**TASK DETAILS:**
Only a slice of the listing below is wanted. Retype the lines from the one containing "Voir la partie" through the one containing "Long sleeve cotton", exactly, both ends included.

**PROVIDED DATA:**
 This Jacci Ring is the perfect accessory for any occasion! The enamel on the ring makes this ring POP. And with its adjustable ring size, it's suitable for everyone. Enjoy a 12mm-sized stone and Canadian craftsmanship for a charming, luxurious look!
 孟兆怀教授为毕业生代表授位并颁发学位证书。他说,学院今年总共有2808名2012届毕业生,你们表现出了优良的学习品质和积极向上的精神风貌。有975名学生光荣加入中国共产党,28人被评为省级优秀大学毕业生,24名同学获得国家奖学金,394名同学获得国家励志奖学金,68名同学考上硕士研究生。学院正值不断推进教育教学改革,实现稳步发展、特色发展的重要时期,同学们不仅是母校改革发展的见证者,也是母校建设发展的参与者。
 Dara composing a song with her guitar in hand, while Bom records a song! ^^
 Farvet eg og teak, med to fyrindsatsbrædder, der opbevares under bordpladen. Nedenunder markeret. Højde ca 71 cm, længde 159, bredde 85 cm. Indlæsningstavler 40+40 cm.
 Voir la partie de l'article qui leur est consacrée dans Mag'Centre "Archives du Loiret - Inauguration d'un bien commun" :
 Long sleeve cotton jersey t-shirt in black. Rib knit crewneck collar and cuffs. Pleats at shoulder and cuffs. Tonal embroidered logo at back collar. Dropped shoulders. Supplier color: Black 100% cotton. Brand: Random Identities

...

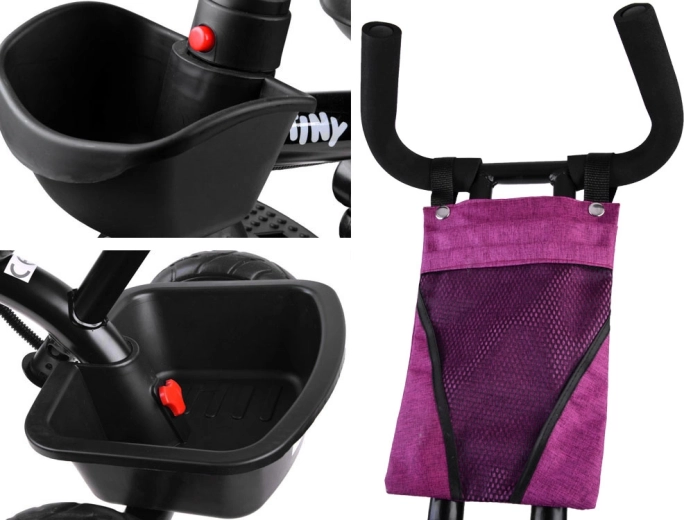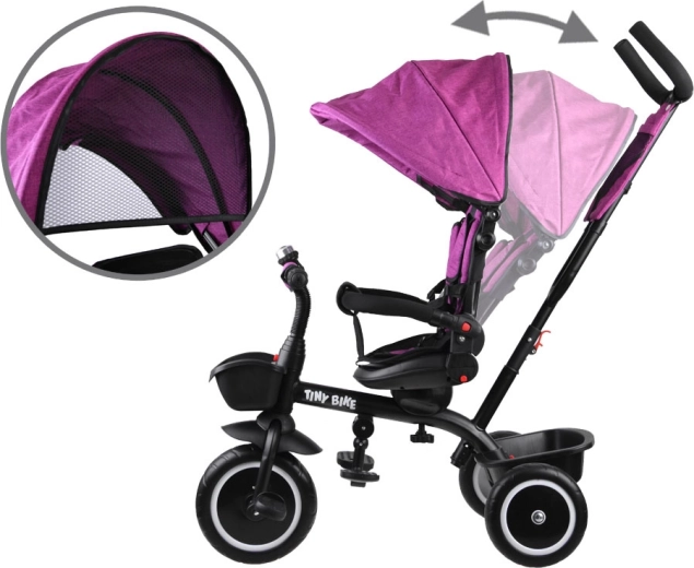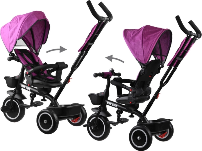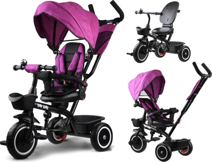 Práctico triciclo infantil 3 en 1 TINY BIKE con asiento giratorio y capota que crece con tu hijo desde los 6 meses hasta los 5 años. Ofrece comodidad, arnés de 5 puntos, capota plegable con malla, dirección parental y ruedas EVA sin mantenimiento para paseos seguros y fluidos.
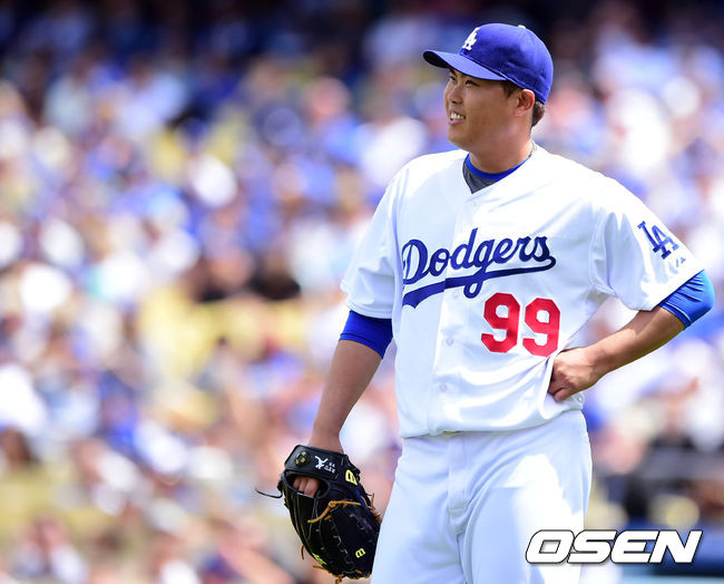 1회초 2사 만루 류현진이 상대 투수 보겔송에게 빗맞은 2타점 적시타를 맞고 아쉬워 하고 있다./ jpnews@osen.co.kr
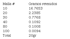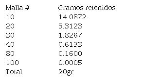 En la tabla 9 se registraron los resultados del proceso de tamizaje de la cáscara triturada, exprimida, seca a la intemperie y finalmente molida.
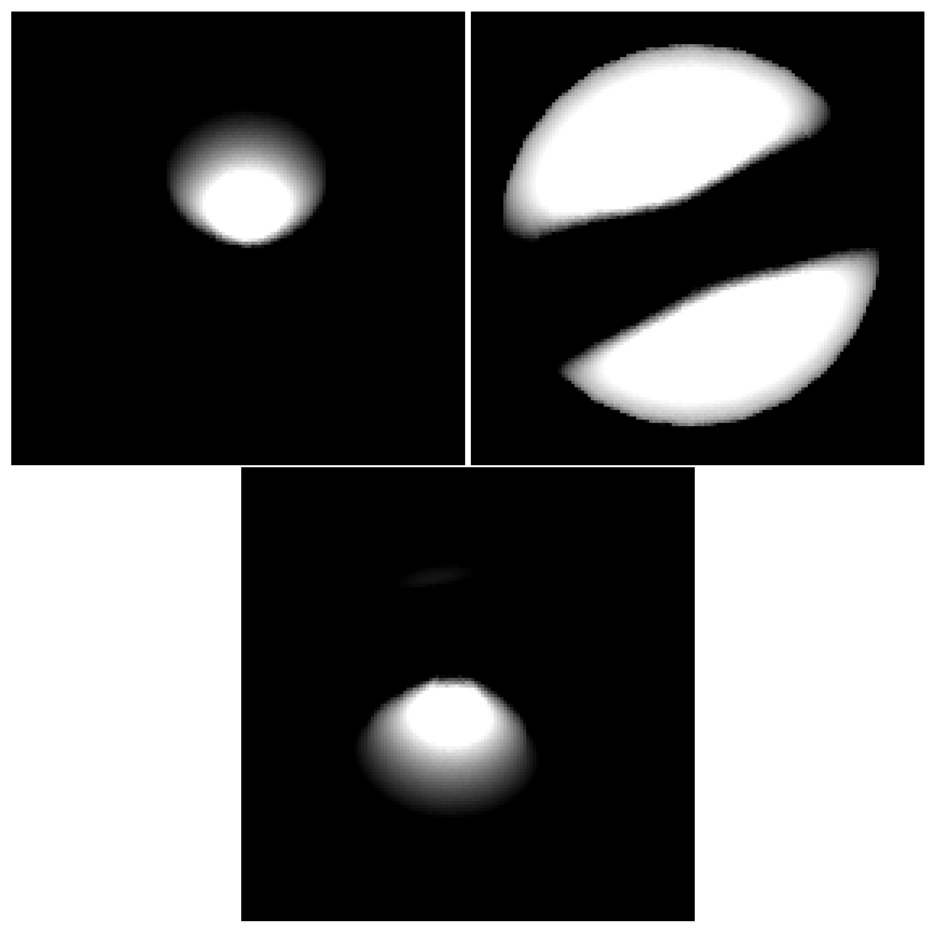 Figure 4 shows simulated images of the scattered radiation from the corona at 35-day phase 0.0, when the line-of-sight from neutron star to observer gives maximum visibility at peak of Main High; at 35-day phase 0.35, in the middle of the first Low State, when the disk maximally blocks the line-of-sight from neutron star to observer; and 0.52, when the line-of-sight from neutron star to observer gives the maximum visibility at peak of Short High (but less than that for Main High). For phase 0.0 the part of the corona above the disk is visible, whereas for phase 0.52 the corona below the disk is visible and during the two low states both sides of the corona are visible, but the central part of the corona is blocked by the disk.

**YOUR SOLUTION:**
 Voir la partie de l'article qui leur est consacrée dans Mag'Centre "Archives du Loiret - Inauguration d'un bien commun" :
 Long sleeve cotton jersey t-shirt in black. Rib knit crewneck collar and cuffs. Pleats at shoulder and cuffs. Tonal embroidered logo at back collar. Dropped shoulders. Supplier color: Black 100% cotton. Brand: Random Identities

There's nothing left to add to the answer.